We have now discovered many more items that have come up for auction, including a wonderful oil painting by George Stubbs.Click here to view them (1mb pdf file).
Have a look at the Sale Catalogue here (15MB pdf file)
Lord Ullswater died in 1949 and his trustees sold parts of the estate, including the House with its grounds which were purchased by The Desborough Settlement Trust as a tax-saving measure. After the death of Lady Desborough in 1953, the park remained in the hands of Ullswater's nephew Arthur Lowther. This was rented to W F Turner of Ashe Green farm Campsea Ash. The House and grounds were sold to a developer who turned the coach house, stables and squash court into housing.
High House fell into a ruinous state and the gardens were divided. The developer stripped the roof of the lead flashing basically for the silver content of old lead, 20%, although they could only recover,75% of the silver. As a result the water came in it decayed very quickly being mortar brick work not cement brick work.

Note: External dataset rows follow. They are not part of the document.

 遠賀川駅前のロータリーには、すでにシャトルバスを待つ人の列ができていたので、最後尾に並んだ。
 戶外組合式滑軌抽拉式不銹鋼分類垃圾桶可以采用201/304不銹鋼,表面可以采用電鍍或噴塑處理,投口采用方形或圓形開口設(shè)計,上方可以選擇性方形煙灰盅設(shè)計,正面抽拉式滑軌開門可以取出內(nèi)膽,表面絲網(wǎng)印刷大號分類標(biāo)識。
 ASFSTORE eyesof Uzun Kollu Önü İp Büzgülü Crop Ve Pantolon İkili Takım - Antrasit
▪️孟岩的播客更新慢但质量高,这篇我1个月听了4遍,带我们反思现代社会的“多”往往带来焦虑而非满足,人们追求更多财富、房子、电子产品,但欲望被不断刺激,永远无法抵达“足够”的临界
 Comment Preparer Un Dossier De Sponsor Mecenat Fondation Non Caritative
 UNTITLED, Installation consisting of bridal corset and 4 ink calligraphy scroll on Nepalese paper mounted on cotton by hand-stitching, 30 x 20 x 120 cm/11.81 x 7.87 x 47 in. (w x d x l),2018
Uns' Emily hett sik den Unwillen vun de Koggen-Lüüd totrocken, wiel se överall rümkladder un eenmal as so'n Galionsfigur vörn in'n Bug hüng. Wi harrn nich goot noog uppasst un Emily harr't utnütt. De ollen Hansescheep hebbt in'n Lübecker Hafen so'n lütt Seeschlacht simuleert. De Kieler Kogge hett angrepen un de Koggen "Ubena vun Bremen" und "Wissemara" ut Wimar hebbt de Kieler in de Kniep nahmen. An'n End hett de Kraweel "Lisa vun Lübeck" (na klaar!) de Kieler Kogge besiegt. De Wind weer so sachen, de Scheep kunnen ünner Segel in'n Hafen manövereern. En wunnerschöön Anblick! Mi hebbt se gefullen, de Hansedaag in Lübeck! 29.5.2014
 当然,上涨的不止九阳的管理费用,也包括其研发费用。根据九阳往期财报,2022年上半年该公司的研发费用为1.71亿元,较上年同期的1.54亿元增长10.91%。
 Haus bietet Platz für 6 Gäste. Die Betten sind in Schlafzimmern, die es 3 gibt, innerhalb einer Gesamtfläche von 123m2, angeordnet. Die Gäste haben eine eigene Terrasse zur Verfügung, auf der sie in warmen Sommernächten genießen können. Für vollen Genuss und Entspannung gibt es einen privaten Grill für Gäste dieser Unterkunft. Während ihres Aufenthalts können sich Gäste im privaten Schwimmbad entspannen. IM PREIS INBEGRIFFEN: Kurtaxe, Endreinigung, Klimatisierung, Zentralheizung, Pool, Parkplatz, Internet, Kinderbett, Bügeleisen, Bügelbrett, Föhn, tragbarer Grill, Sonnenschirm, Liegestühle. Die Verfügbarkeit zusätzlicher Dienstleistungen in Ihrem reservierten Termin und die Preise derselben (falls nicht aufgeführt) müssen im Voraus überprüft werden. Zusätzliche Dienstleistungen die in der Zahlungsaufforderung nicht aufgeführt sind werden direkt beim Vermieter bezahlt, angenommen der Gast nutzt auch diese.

The House and its immediate surroundings were bought in 1952/3 by Lt Col Richard Schreiber ( who retired from the Army as Major ),who demolished the remains, he had no choice due to the decay, and extended the squash court to become Campsea Ashe House. Most of the rubble was carted away by Carters of Bromeswell in old army wagons, and the rubble used to make the CEL yard opposite Melton railway station. The men who demolished the house came from Lancashire and lodged locally.
The Park, Shrubbery Farm, now Park Farm, including the fields around the house site, were rented from the major by W F Turner and his sons until 1976/7 when their tenancy was terminated. There were farm buildings at the High House which included a slaughter house for killing and bleeding animals including the park deer herd. Culling of them took place in June each year, usually the biggest stags were shot.
Part of the walled and ornamental gardens together with the Gardener's Cottage were sold separately.